→ **INFORMATION SHOWN**

========

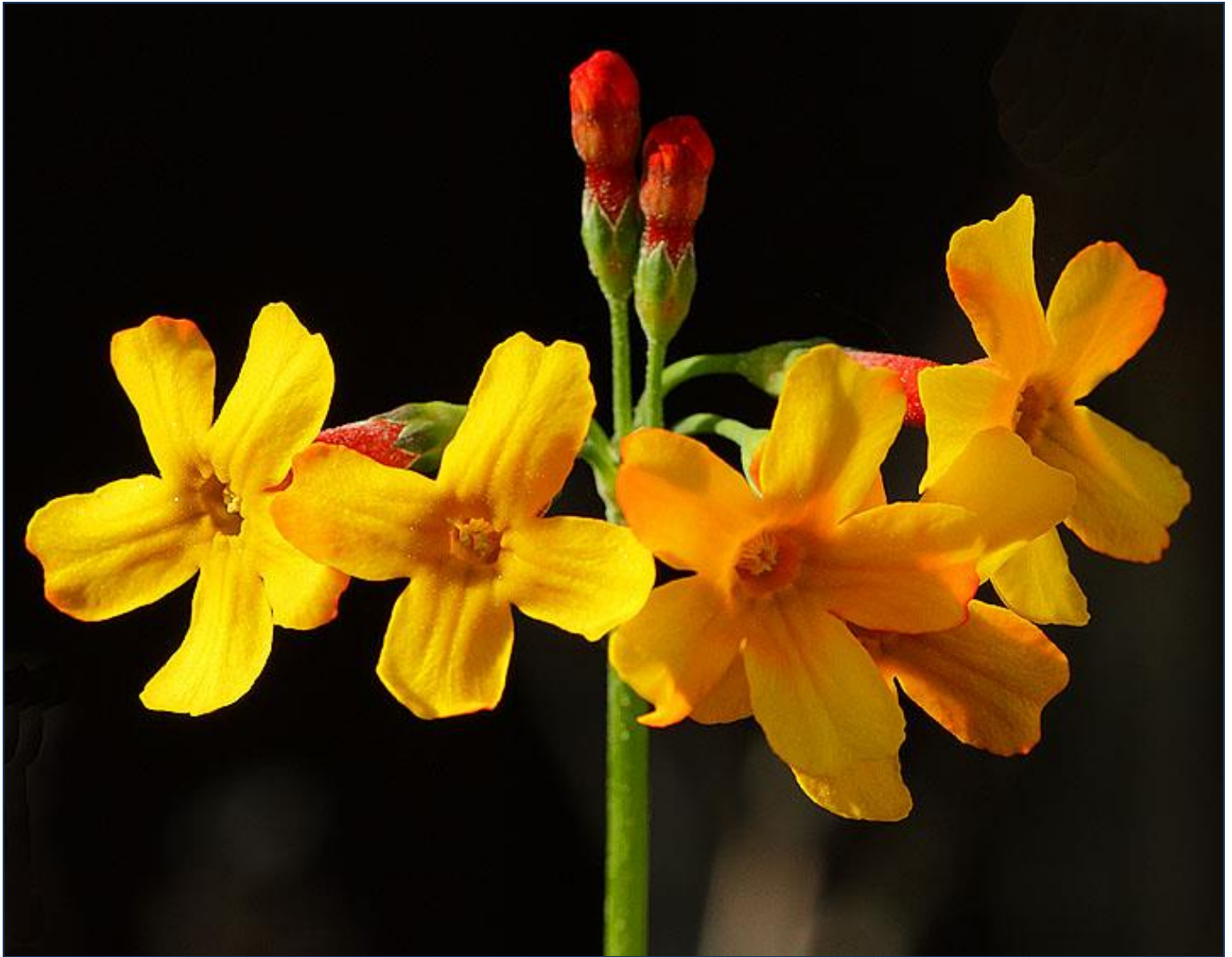
Primula cockburniana by S.G.
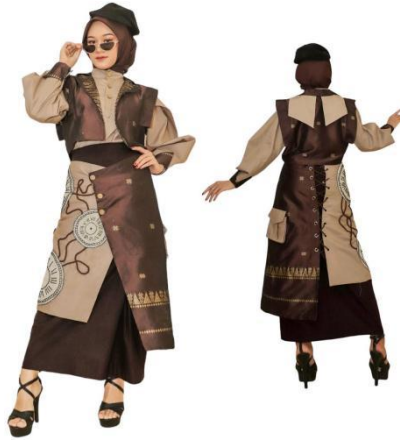
Gambar 14. Hasil Busana Ready to Wear Deluxe 2
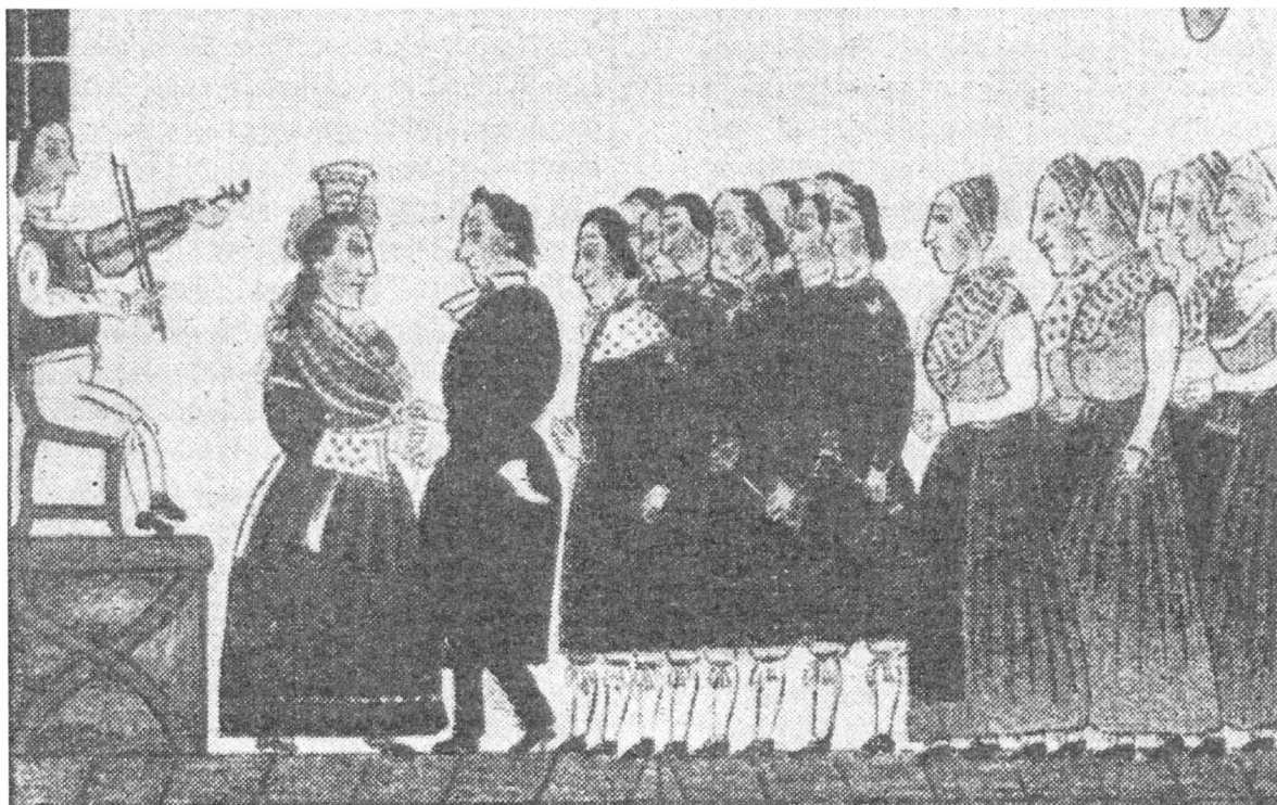
Prästen dansar med bruden. Enl. K. Robert V. Wikman i Det glada Sverige, 1947.

Också hans kusin lovade att lära honom gratis om han skaffade sig en viol. Det hade han inte råd med, och han fick inte heller låna någon, därtill saknade han intresse, så saken förföll.

========

→ **PROBLEM DETAILS**
Please make an exact copy of the whole listing and leave out its pictures.

→ **FINISHED EXERCISE**
Primula cockburniana by S.G.
Gambar 14. Hasil Busana Ready to Wear Deluxe 2
Prästen dansar med bruden. Enl. K. Robert V. Wikman i Det glada Sverige, 1947.

Också hans kusin lovade att lära honom gratis om han skaffade sig en viol. Det hade han inte råd med, och han fick inte heller låna någon, därtill saknade han intresse, så saken förföll.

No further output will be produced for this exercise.